司令塔の介入も全て統一し『3分間、予め指定した生徒1名にアドバイスを送ることができる』というもの。試験に挑んだクラスメイトが何問か間違っても私がカバーできる上に、諸藤さんが司令塔のDクラスにとってはあまりプラスにならない、そんな権利。
他にも、国語を現代文と古典に分けたように、普段の試験ではまとまっている科目もあえて細分化することで、相手に的を絞らせず、付け焼き刃の勉強すらさせない作戦。
さらに勉強系だけにしたメリットはもう1つあって、学力はこれまでの積み重ねで身についているものだから、この1週間は相手の種目の対策に力を入れることができた。
あとは相手の種目を予想しつつ、得意な生徒が多い科目を選んでいく。
結果、私が選んだのは
・古典 参加人数9人
・日本史 参加人数4人
・化学 参加人数7人
・数学 参加人数6人
・英語 参加人数3人
の5科目。
Dクラスの選択はどうだろう。
諸藤さんが試験開始前に言ったことが本当であれば、どちらかの種目に偏る可能性もある。
お互いが選択を終え、モニターに向こうの選択種目が表示された。
・しりとり 参加人数13人
・空手 参加人数5人
・柔道 参加人数3人
・ボクシング 参加人数1人
・棒倒し 参加人数16人
えっ!?と思わず驚きの声を上げてしまいそうになるのをグッと堪える。
色々予想をしてきたけど、ほとんど龍園くんサイドの種目ばかり。
それだけじゃなくて、確実に入れてくると思っていた神経衰弱もない。
椎名さんはこちらの学力テスト要員に回ったってこと……?
もしくは本当に龍園くんが仕切ってる?
いや今考えるべきはそこじゃない。
しりとりだって、格闘技だって準備はしてきた。
相手の戦略を看破するのは大事。
でも、それに囚われすぎて仲間たちが全力を出せない采配をしてしまったら本末転倒だ。
私たちは私たちの戦い方で勝つ。そうでなければきっと私は――。
「中央の大型モニターに抽選結果が表示されるので見るように」
真嶋先生から促されて、モニターを見ると画面が切り替わり、抽選中の文字が映る。
そして表示された1戦目は――
『数学テスト』 参加人数6人 制限時間50分
1学年の学習範囲内で学校が用意したテストを解き、合計点が高いほうが勝利。
「まずは私たちの種目だね」
「そうですね」
これまで公表されてきたテストのクラス平均を比べても負ける可能性は限りなく低い。
「それでは制限時間内に参加メンバーを選出するように」
選出の制限時間は参加人数1人につき約30秒。
6人の今回の種目なら180秒与えられる。
格闘技組としりとり組を除き、数学の得意な仲間を数名入れる。
ただ、学力平均の高い私たちのクラスだけど、もちろん勉強が苦手な子もいるため、偏らないように、でもDクラスに負けない組み合わせを考えて調整する。
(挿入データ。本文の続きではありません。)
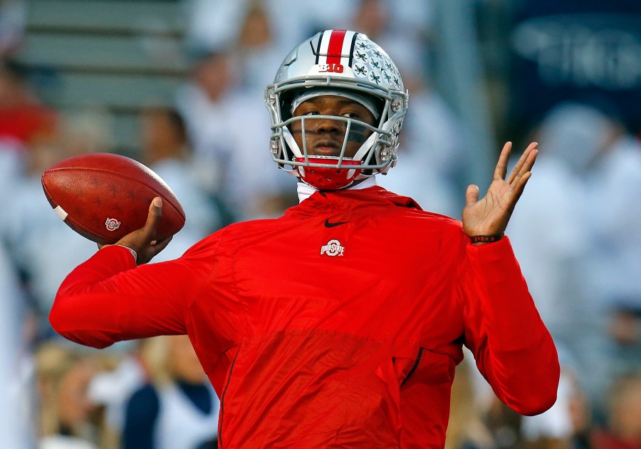 STATE COLLEGE, PA – SEPTEMBER 29: Dwayne Haskins #7 of the Ohio State Buckeyes warm up before the game against the Penn State Nittany Lions on September 29, 2018 at Beaver Stadium in State College, Pennsylvania. (Photo by Justin K. Aller/Getty Images)

大変な作業ではあるけど、仲間たちのことは頭に入っているため、スムーズにメンバーを決めることができた。
そうして60秒ぐらいで選び終え、あとは諸藤さんを待つだけ、と思ってメンバーの決定ボタンを押したら選出タイムが終了になった。
つまり、私より先に諸藤さんはメンバーを決め終えていたことになる。
参加者が表示されて、テスト会場へと移動を始めたようだ。
Dクラスのメンバーは、椎名さんや金田くんのような勉強が得意な生徒は選ばれていない。
「随分と決めるの早いんだね、諸藤さん」
「誰が出ても数学であなたのクラスには勝てませんから」
「それはやってみるまでわからないんじゃない?」
「根性論で学力が上がるなら、うちのクラスはもう少しマシな成績のはずです」
「それはそうかも?」
2学期まであの龍園くんに付き従ってきたのだからある意味根性の生徒は多い。
今は無理でも今後もしそのパワーを勉強に向けることができれば……。
そんなやりとりを交わしている間にテストがスタートする。
司令塔としてアドバイスができるため、私も画面越しにテスト問題を確認し、一緒に解いていく。
そうして残り時間が10分になったところで、司令塔の介入を行い、予め指定しておいた墨田くんへ、ヘッドセットを使って、間違いや未解答部分の答えを伝えていく。
こちらの読み通り、諸藤さんは介入権を使用しないようで、黙ってモニターを見つめている。
「集計結果を発表する。Bクラス合計510点、Dクラス合計360点。よって1戦目はBクラスの勝利となる」
まずは手堅く1勝することができた。
思ったよりも点差があったけど、Dクラスは主戦力を温存して、どこかひと科目にヤマを張って投入してくるかもしれないため油断はできない。
2戦目に選ばれたのも私たちのクラスの科目――『日本史テスト』で参加人数は4人。
こちらも数学同様にあっさりと勝利することができて、難なく2勝することができた。
ただ、ここまでは自分たちの種目だから勝って当然。相手の種目で勝利してこそ、初めて安心できる。
各クラス3種目は絶対に抽選されるという仮説が正しければ、確率的にそろそろDクラスの種目がきてもおかしくない。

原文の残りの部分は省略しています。